## WHAT YOU SHOULD DO
With the pictures omitted, print exactly the lines below, from the one containing "Jewelry becomes a" through the one containing "师生做了题为《Effect of innovation", and nothing else.

## STORED DATA
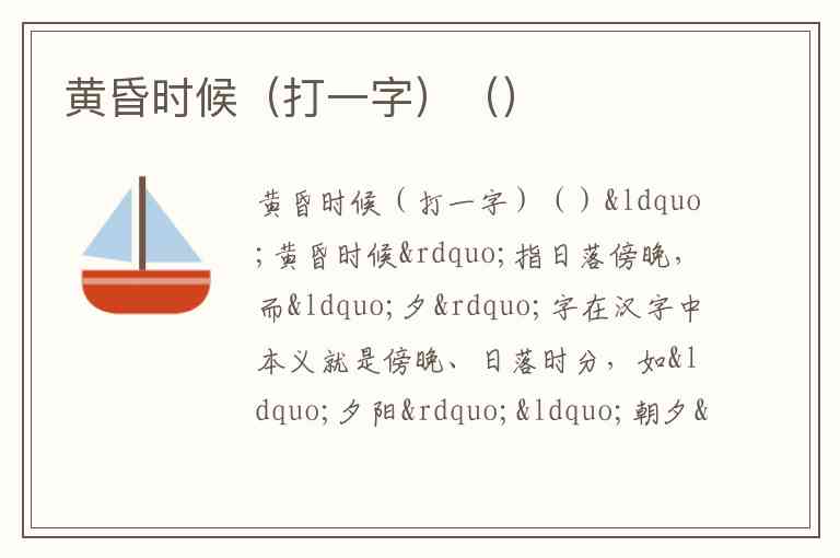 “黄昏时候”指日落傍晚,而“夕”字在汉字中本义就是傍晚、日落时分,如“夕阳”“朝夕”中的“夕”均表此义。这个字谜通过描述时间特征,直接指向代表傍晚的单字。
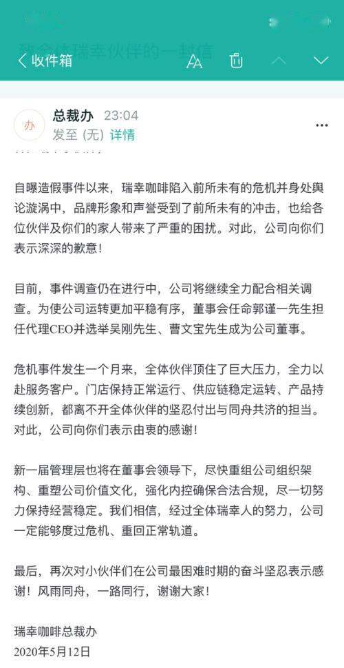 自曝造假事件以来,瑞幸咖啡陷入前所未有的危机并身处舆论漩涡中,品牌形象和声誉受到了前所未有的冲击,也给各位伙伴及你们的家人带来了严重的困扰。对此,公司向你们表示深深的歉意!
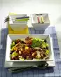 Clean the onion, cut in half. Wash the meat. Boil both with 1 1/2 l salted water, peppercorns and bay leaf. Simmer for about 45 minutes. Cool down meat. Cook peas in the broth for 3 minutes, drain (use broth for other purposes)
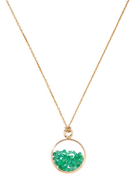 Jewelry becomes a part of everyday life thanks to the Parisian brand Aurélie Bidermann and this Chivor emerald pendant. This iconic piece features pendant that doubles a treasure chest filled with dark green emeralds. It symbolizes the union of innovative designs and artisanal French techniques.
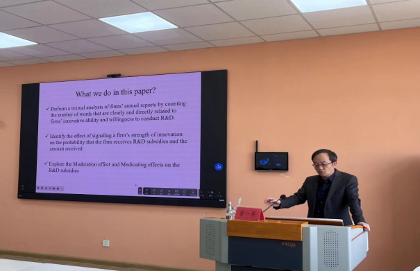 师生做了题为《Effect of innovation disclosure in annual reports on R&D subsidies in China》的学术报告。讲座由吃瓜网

---

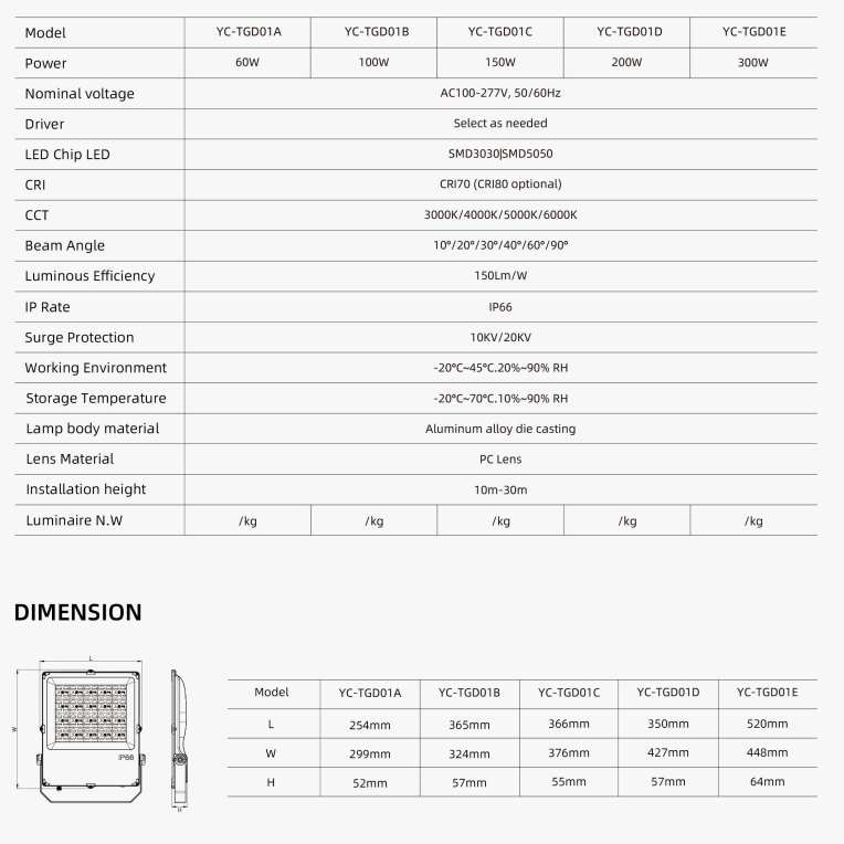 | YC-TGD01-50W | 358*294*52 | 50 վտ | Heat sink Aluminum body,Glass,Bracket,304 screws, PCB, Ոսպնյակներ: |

## EXPECTED ANSWER
 Jewelry becomes a part of everyday life thanks to the Parisian brand Aurélie Bidermann and this Chivor emerald pendant. This iconic piece features pendant that doubles a treasure chest filled with dark green emeralds. It symbolizes the union of innovative designs and artisanal French techniques.
 师生做了题为《Effect of innovation disclosure in annual reports on R&D subsidies in China》的学术报告。讲座由吃瓜网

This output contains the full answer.